Далекие странники (ЛП) - Сяо Тяньтянь "Прист"
— Я и не такое могу.
На этом обмен любезностями прервался, и они вновь сцепились, норовя расколоть гору.
Рассуждая о причинах такого поведения, Великий Шаман явно не всё учёл. Меридианы меридианами, но имелись и другие проблемы, требующие безотлагательного решения. Не было очевидного победителя или проигравшего, верх и низ безостановочно чередовались, и пока Чжоу Цзышу с Вэнь Кэсином не могли отдаться сжигающему сердца пламени, единственным способом выпустить пар оставалась драка.
Поначалу Чжан Чэнлин бегал смотреть их поединки в надежде набраться опыта. Но очень скоро юноша обнаружил, что старшие сражаются чересчур жестоко и беспринципно. На их примере можно было изучать только такие техники, как «Чёрный тигр валит с ног», «Хитрый трюк обезьяны» или «Земля и небо меняются местами».[486] Всё это не помогало совершенствоваться, скорее наоборот.
Опечаленный тем, что выдающиеся мастера скатились до уровня уличной потасовки, Чжан Чэнлин решил вырабатывать собственный стиль. Его прежние неуклюжие попытки шифу называл надругательством над боевыми искусствами и плевком в учителя. Но, положа руку на сердце, катание по земле со старшим Вэнем тоже не отличалось грациозностью.

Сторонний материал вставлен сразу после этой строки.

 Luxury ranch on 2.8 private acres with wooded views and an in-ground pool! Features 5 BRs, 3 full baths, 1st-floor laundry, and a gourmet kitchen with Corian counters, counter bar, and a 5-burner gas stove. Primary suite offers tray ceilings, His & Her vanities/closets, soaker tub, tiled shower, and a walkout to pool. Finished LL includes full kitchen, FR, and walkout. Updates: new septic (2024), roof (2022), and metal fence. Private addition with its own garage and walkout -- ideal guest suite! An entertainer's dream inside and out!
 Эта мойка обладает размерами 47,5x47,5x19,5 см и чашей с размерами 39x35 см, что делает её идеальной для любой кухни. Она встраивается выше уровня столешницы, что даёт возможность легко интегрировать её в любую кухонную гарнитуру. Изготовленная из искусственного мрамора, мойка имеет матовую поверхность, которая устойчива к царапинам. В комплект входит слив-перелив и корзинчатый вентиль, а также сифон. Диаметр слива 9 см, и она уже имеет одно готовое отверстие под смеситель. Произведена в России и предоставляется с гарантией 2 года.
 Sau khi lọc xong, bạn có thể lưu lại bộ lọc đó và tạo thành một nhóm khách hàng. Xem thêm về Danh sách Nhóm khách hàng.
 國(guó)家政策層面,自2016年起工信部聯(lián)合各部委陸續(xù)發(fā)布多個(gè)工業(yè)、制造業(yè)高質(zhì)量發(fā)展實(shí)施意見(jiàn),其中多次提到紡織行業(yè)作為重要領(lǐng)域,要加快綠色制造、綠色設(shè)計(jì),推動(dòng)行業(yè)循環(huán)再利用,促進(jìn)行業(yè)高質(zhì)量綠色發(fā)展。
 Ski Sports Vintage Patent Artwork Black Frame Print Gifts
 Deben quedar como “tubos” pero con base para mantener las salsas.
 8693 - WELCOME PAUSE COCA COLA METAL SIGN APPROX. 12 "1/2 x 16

К сожалению, наставники Чжан Чэнлина не понимали, что подают ученику дурной пример, и с каждым днём всё отчаяннее мерились силами.
Перемирие наступало лишь после захода солнца, когда Чжоу Цзышу проглатывал вечернее лекарство. Великий Шаман назначал лечение в зависимости от возможностей больного. Слабому телом и духом человеку он прописал бы щадящее снадобье. Но Чжоу Цзышу мог многое выдержать, и Шаман подобрал для него самое действенное, хотя и не самое приятное средство. После этого отвара Чжоу Цзышу стискивал зубы от боли и впадал в полуобморочное состояние, которое заканчивалось проливным потом. Зато наутро, помывшись и отоспавшись, он мог продвинуться в боевых искусствах чуть дальше.

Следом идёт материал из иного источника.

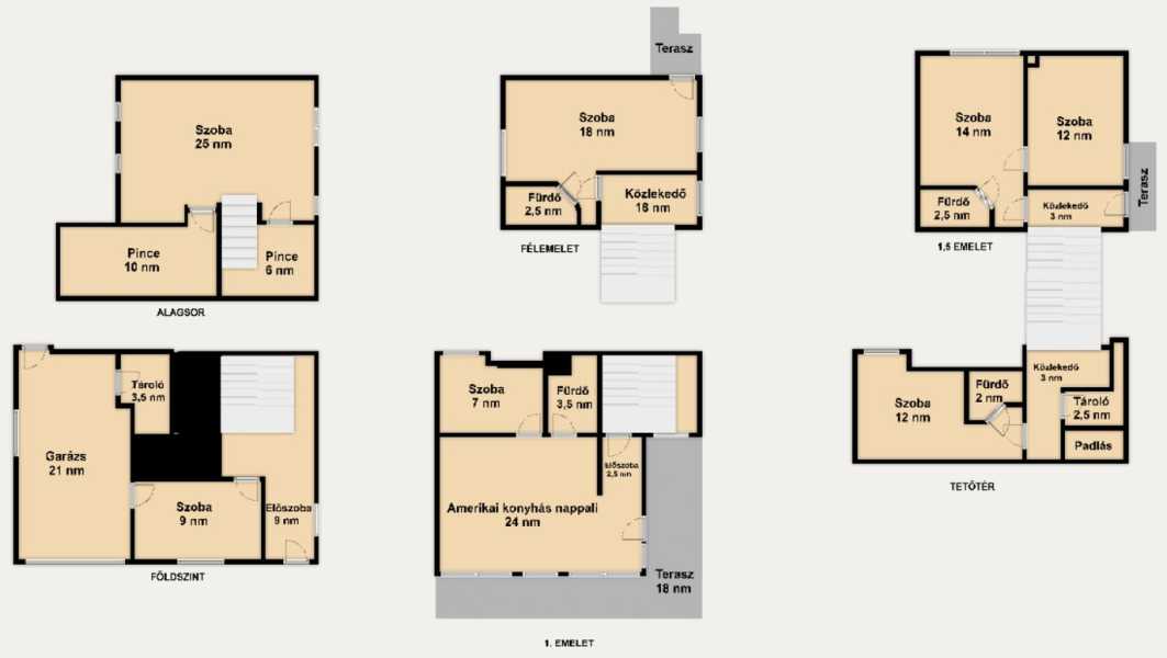 Eladó egy kivételes lehetőségeket kínáló családi ház Tatán, a város jó környékén, közel az Öreg tóhoz. Az eladó családi ház ideális választás több generáció számára, valamint befektetőknek is kiváló lehetőséget nyújt. Az eladó családi ház téglából épült, masszív és időtálló szerkezetű. Szinteltolásos kialakítása kényelmet és praktikumot biztosít, minden szinten tágas, világos terek jellemzik. Az eladó családi ház hat különálló szinttel rendelkezik, ami még nagyobb rugalmasságot biztosít a különféle felhasználási lehetőségekhez. Egy részen alápincézett, amely számos lehetőséget kínál, legyen szó tárolásról, műhely kialakításáról vagy akár egy wellnessrészleg létrehozásáról. Az eladó családi ház alapterülete 147 négyzetméter, a telek területe pedig 360 négyzetméter. A házon belül már négy lakás kialakításra került. Az alagsorban egy 25 nm-es helyiség valamint két pince rész is található, így akár mosókonyhaként vagy raktárként is használható. A földszinten található egy kisebb szoba amely 9 nm, tároló, előszoba, és ami elengedhetetlenebb, egy 21 nm-es garázs. A garázs hátulról is megközelíthető, így külön kis üzlethelyiség megnyitására is van mód. A félemeleten hasonló az elrendezés, egy szoba, amely 18 nm-es, egy fürdő, és egy kis terasz is helyet kapott. Az első emeleten egy hatalmas 24 nm-es amerikai konyhás nappali van, amely a nagy tágas ablakoknak köszönhetően rendkívül világos. Ezenkívül kialakításra került egy hálószoba és egy fürdőszoba. Ehhez az emelethez tartozik egy 18 nm-es terasz, ahova kiülve reggeli kávénkat -teánkat elfogysztva máris jobban indul a napunk. A tetőtér és az első emlet közötti szinten két szoba, fürdő és egy terasz kínálja kényelmünket. A tetőtér egy szobával rendelkezik valamint egy kisebb fürdővel. Itt található ezen kívül egy beépíthető padlástér, és egy tároló. Az eladó családi ház jelenlegi állapota jó, a felújítási munkálatokat már megkezdték. A korszerűsített víz- és villanyvezetékek biztosítják a modern igényeknek megfelelő infrastruktúrát. A fűtés gázkazánnal történik, és a ház csatornahálózatra is csatlakoztatva van. A szobákban parketta van, a többi helyiség járólappal burkolt. Elhelyezkedésének köszönhetően az ingatlan különösen vonzó: Pár percre sétára a csodálatos Öreg- tóhoz érünk. Az M1 autópálya 10 perc alatt megközelíthető. Az eladó családi ház sokoldalúan hasznosítható: család otthonaként, több külön lakásként vagy akár egy kis panzióként is funkcionálhat, így kiváló befektetési lehetőséget jelent azok számára, akik kiadásban vagy turisztikai célú hasznosításban gondolkodnak. Ne hagyja ki ezt a páratlan ajánlatot! További információért és megtekintésért keressen bizalommal! Adatbázisunkban számos eladó-kiadó ingatlan közül választhat. Személyre szabott ügyintézéssel, ügyvédi háttérrel állunk ügyfeleink rendelkezésére. 15 éves értékesítői és vezetői tapasztalat. Minden egy helyen, az ingatlan bemutatásától a kulcsátadásig! Hitelminősítés a Fő téri irodánkban a hét minden napján. Legyen közös a sikerünk!

Как только нужда в целителе отпала, Седьмой Лорд и У Си отбыли в Наньцзян. Великий Шаман слишком задержался в чужих краях. Хотя его наместник Лу Та добросовестно выполнял все наказы и народ Наньцзяна жил мирно, пора было и честь знать.
После их ухода настал на удивление мирный вечер. Впервые с момента избавления от семи гвоздей Чжоу Цзышу мог обойтись без лечения, сравнимого со «смертью от тысячи порезов». По этому поводу Вэнь Кэсин заявился с кувшином вина и весело потряс им перед лицом выздоравливающего. Тот без обиняков отобрал кувшин и наполнил свою чашу.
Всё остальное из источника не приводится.